Starting at the line that contains "近日,山東省住房和城鄉建設廳", please transcribe every line through the end of the entries, exactly and with no pictures.
..............................
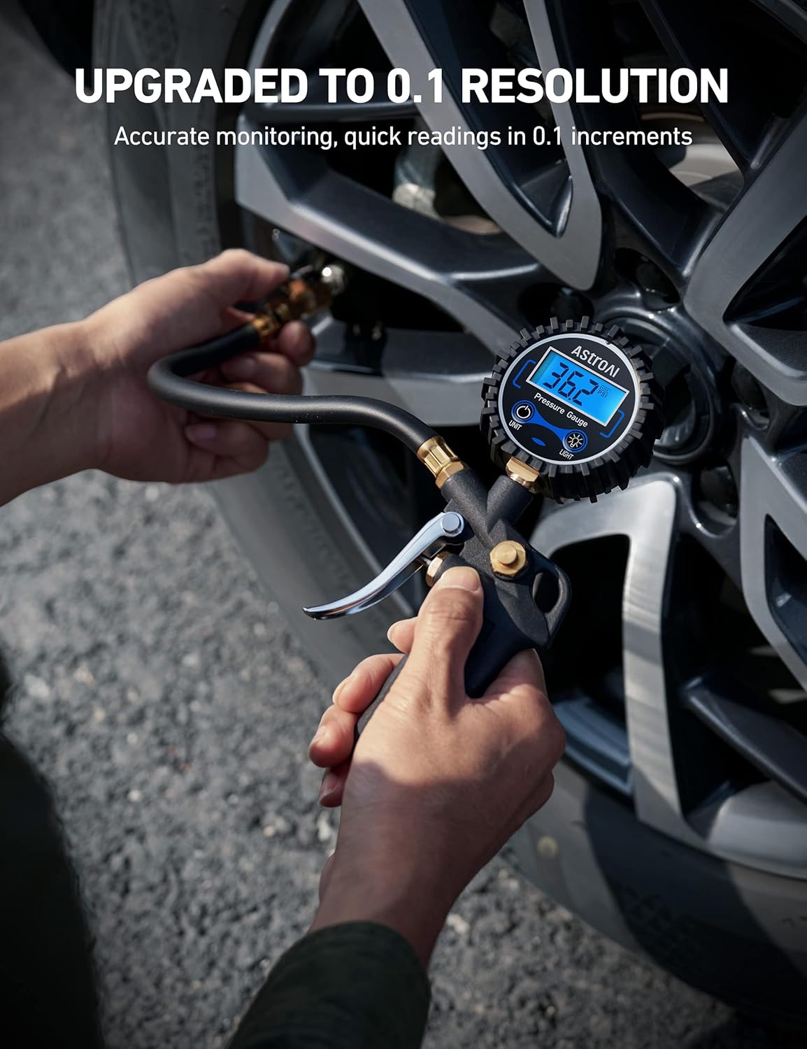 AstroAI Digital Tire Pressure Gauge with Inflator, 250 PSI Air Chuck & Compressor Accessories Heavy Duty with Quick Connect Coupler, 0.1 Display Resolution, Car Accessories, 2pack
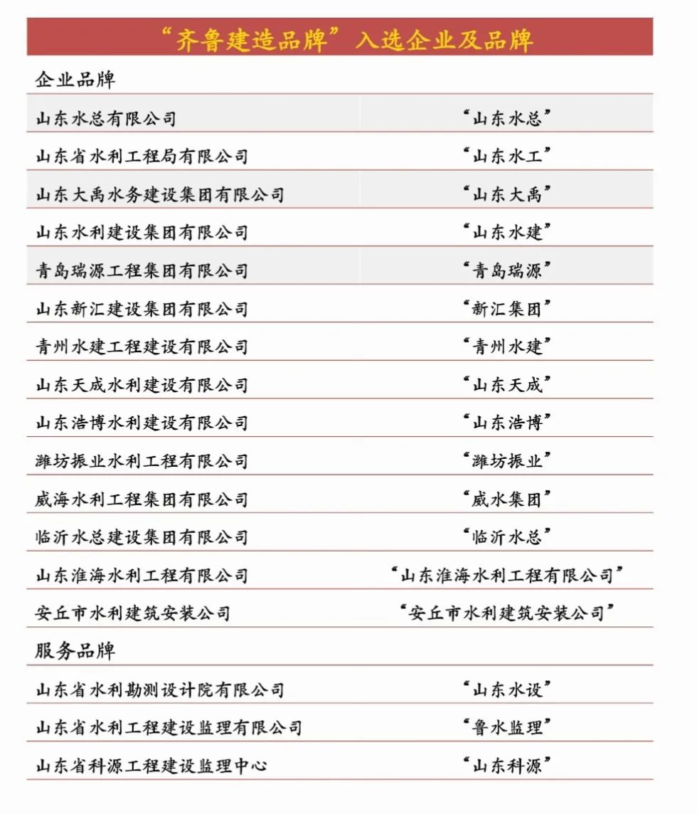 近日,山東省住房和城鄉建設廳正式公布2025年第一批“齊魯建造”品牌榜單,公司憑借過硬的技術實力、卓越的工程品質與高效的綜合管理,成功入選企業品牌類榜單,成為全省17家獲此殊榮的水利企業之一,彰顯了公司在行業內的標桿地位。
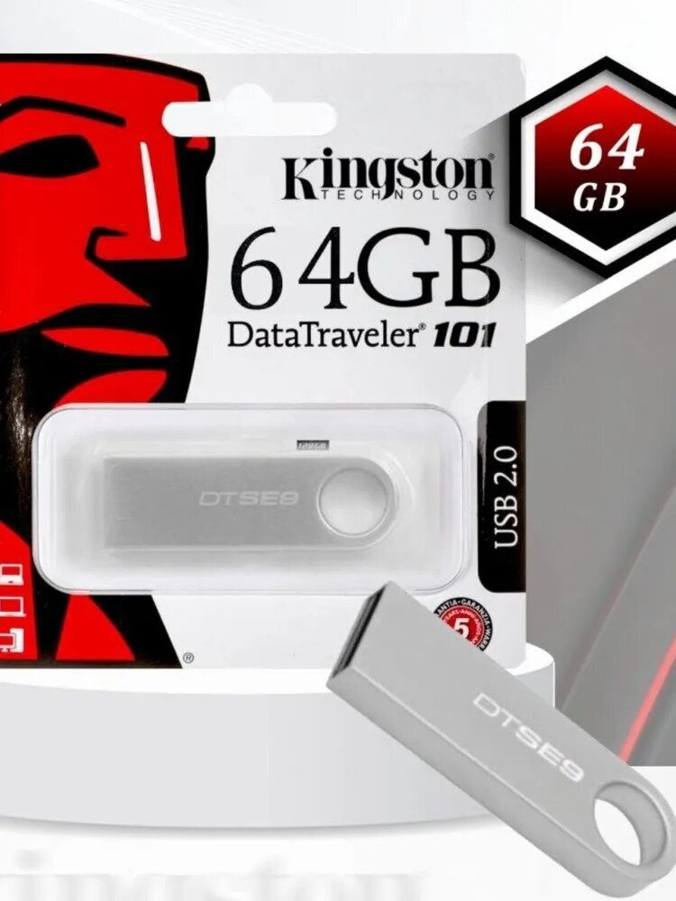 USB Flash (флешка) Флешка Kingston DataTraveler SE9 64 ГБ, 1 шт., серебристый
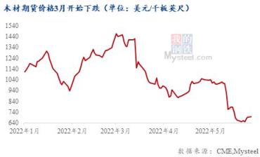 美國(guó)木材價(jià)格與房市高度相關(guān),隨著消費(fèi)者對(duì)房地產(chǎn)的購(gòu)買(mǎi)意愿下降,木材價(jià)格也隨之降溫。美國(guó)木材期貨價(jià)格從今年三月初的高點(diǎn)開(kāi)始下落,截至5月底,木材期貨價(jià)格下降765至700美元/千板英尺。
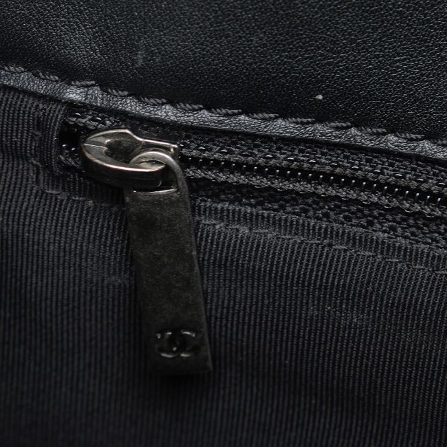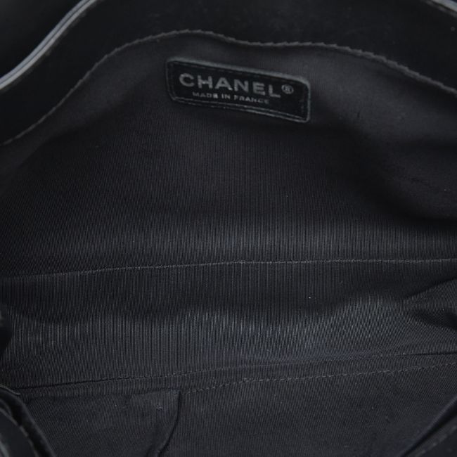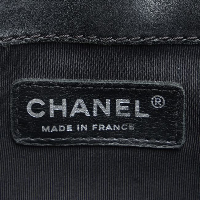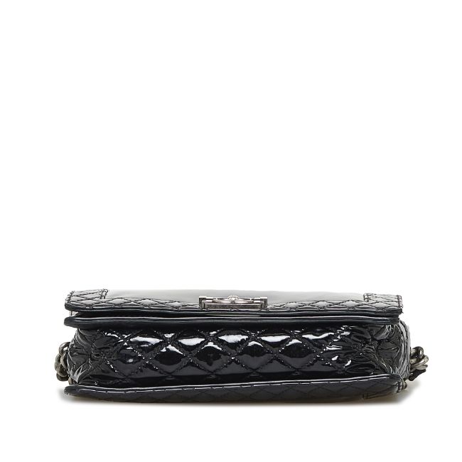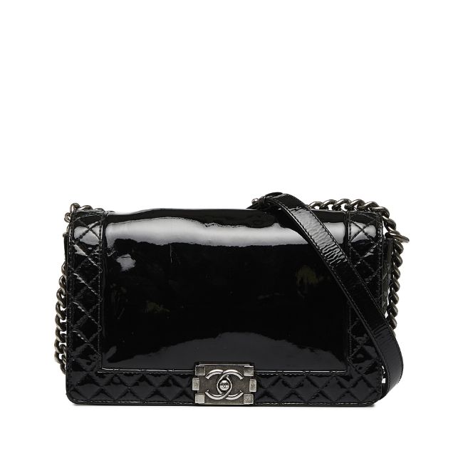 The Boy Bag features a patent leather body, a chain-link shoulder strap, a front flap with push-lock closure, and interior slip pockets. It carries a B:B condition rating.
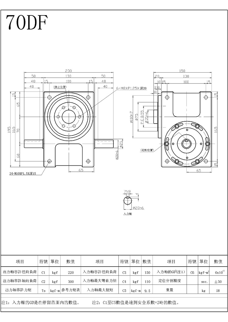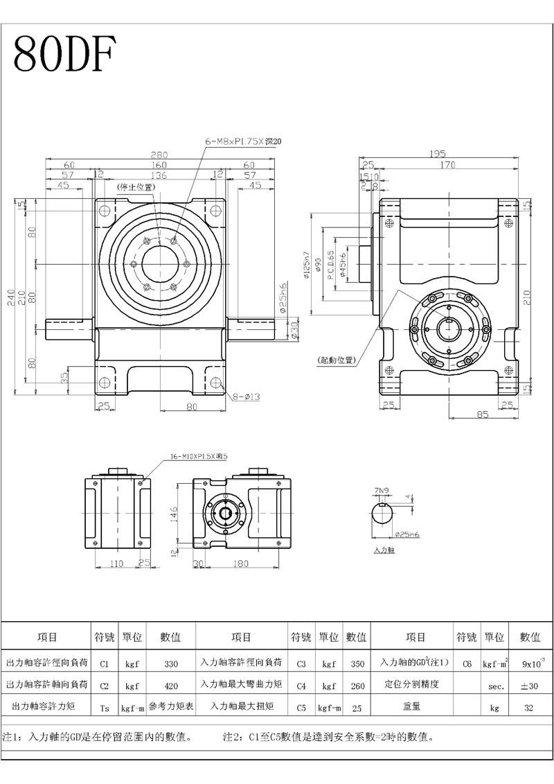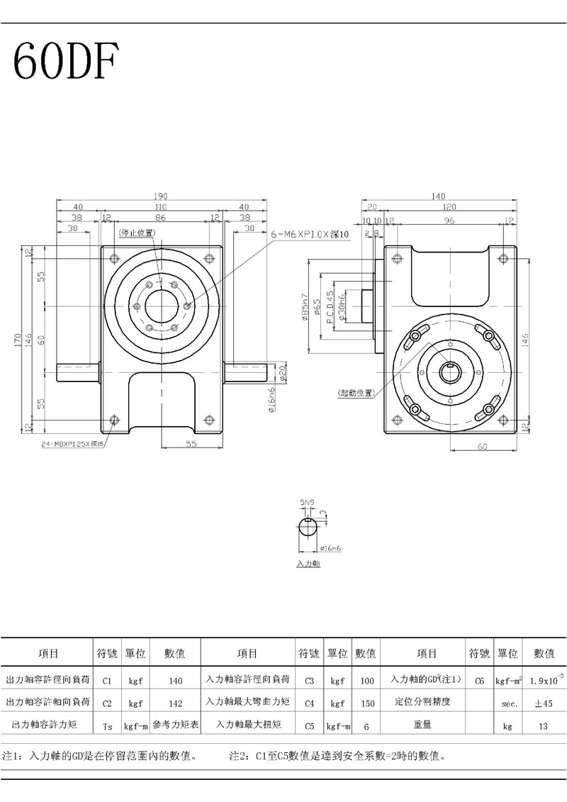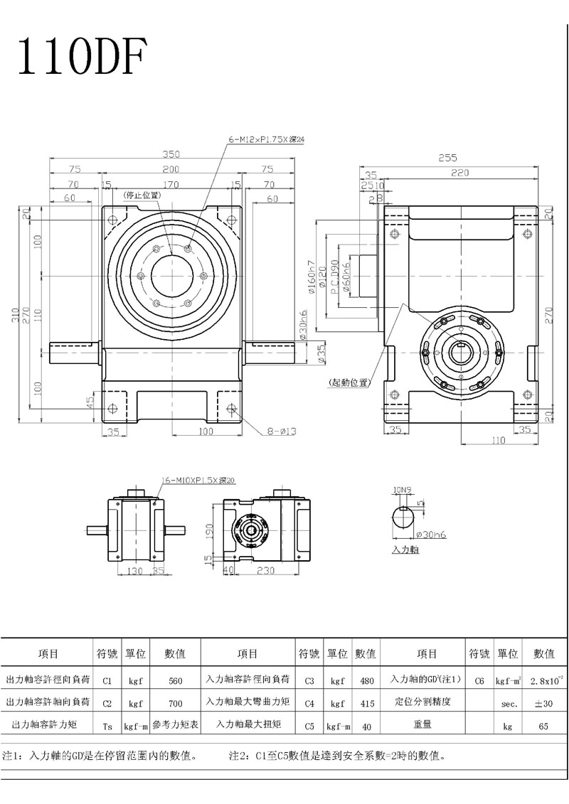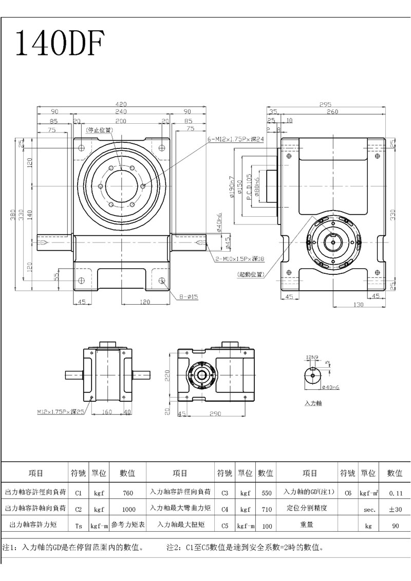 此機(jī)種具有重負(fù)荷特性,可承受較大之垂直徑向或軸向壓力,為本公司專屬設(shè)計(jì)工程師群,經(jīng)歷多年針對(duì)盤(pán)式結(jié)構(gòu)需要設(shè)計(jì)而成,其輸出軸為面盤(pán)式設(shè)計(jì),有凸緣中心、盤(pán)面螺孔、定位、銷控,固定面寬大,可使平面度
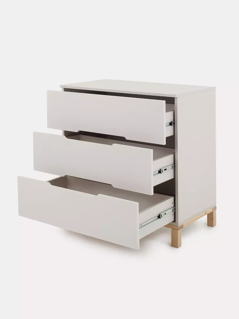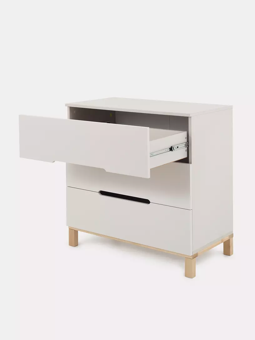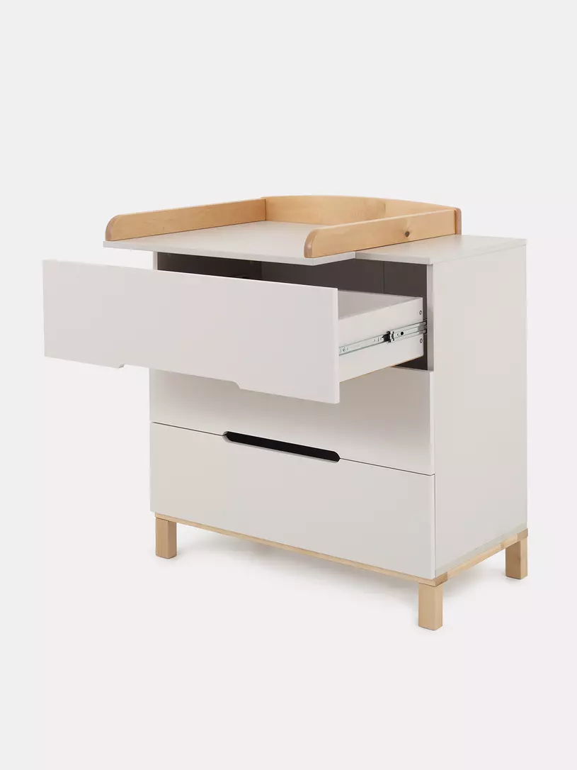 Пеленальный комод Indy, выдержанный в трендовом стиле экоминимализм, ненавязчиво расскажет о вашем тонком вкусе. Роскошная модель дополнена съемной накладкой для пеленания, усиленными телескопическими направляющими, стильными выпилами вместо накладных ручек.
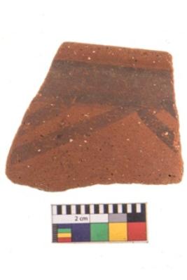 | Description / विवरण | Specimen of potsherd with black decorative geometric painting. Type Black on Red Ware . |
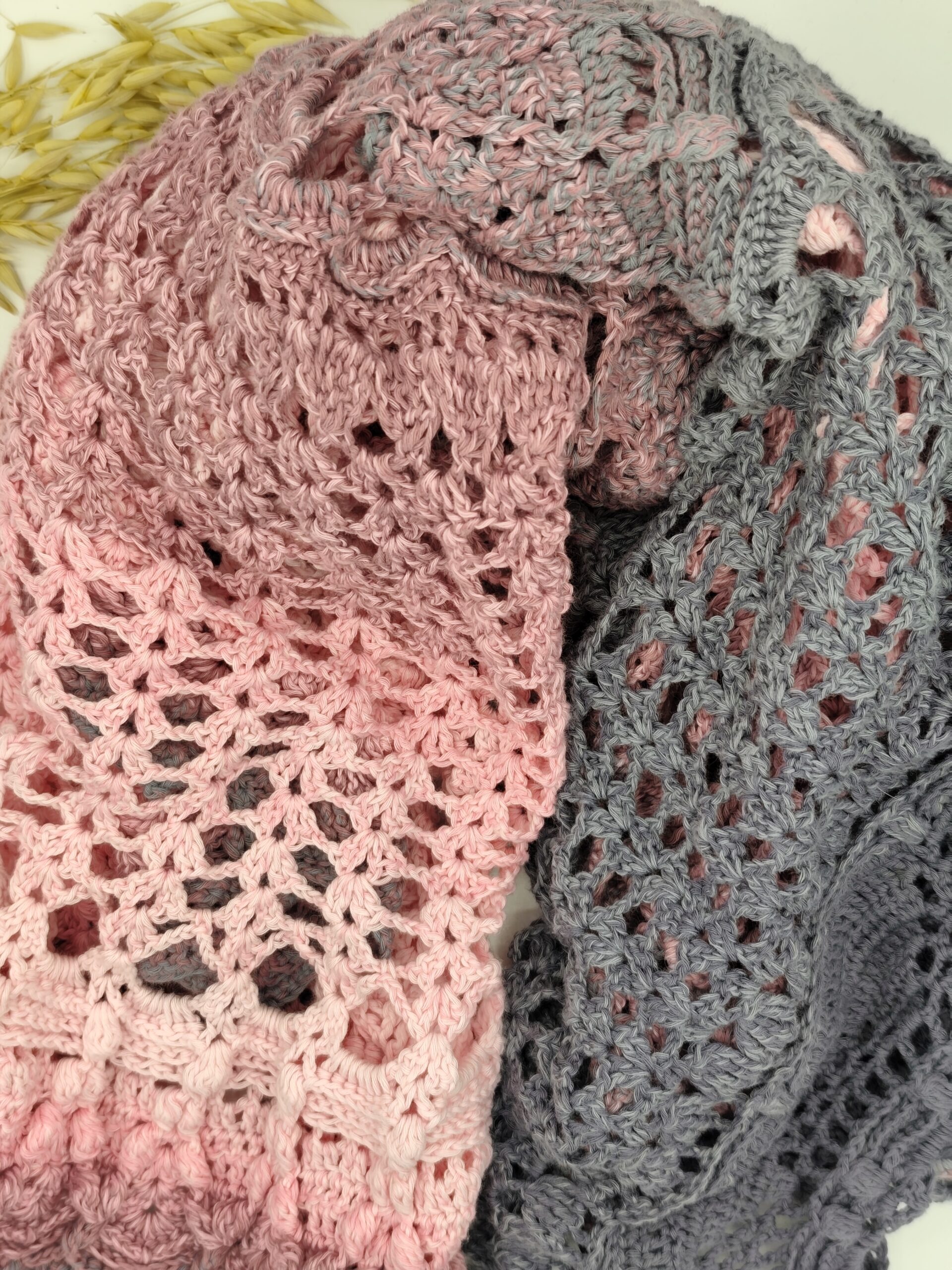Máte dotaz k produktu? Zanechte mi kontakt.Ručně háčkovaný půlkruhový šátek v barvách růžové a šedé.
..............................
* **Task response**
 近日,山東省住房和城鄉建設廳正式公布2025年第一批“齊魯建造”品牌榜單,公司憑借過硬的技術實力、卓越的工程品質與高效的綜合管理,成功入選企業品牌類榜單,成為全省17家獲此殊榮的水利企業之一,彰顯了公司在行業內的標桿地位。
 USB Flash (флешка) Флешка Kingston DataTraveler SE9 64 ГБ, 1 шт., серебристый
 美國(guó)木材價(jià)格與房市高度相關(guān),隨著消費(fèi)者對(duì)房地產(chǎn)的購(gòu)買(mǎi)意愿下降,木材價(jià)格也隨之降溫。美國(guó)木材期貨價(jià)格從今年三月初的高點(diǎn)開(kāi)始下落,截至5月底,木材期貨價(jià)格下降765至700美元/千板英尺。
 The Boy Bag features a patent leather body, a chain-link shoulder strap, a front flap with push-lock closure, and interior slip pockets. It carries a B:B condition rating.
 此機(jī)種具有重負(fù)荷特性,可承受較大之垂直徑向或軸向壓力,為本公司專屬設(shè)計(jì)工程師群,經(jīng)歷多年針對(duì)盤(pán)式結(jié)構(gòu)需要設(shè)計(jì)而成,其輸出軸為面盤(pán)式設(shè)計(jì),有凸緣中心、盤(pán)面螺孔、定位、銷控,固定面寬大,可使平面度
 Пеленальный комод Indy, выдержанный в трендовом стиле экоминимализм, ненавязчиво расскажет о вашем тонком вкусе. Роскошная модель дополнена съемной накладкой для пеленания, усиленными телескопическими направляющими, стильными выпилами вместо накладных ручек.
 | Description / विवरण | Specimen of potsherd with black decorative geometric painting. Type Black on Red Ware . |
Máte dotaz k produktu? Zanechte mi kontakt.Ručně háčkovaný půlkruhový šátek v barvách růžové a šedé.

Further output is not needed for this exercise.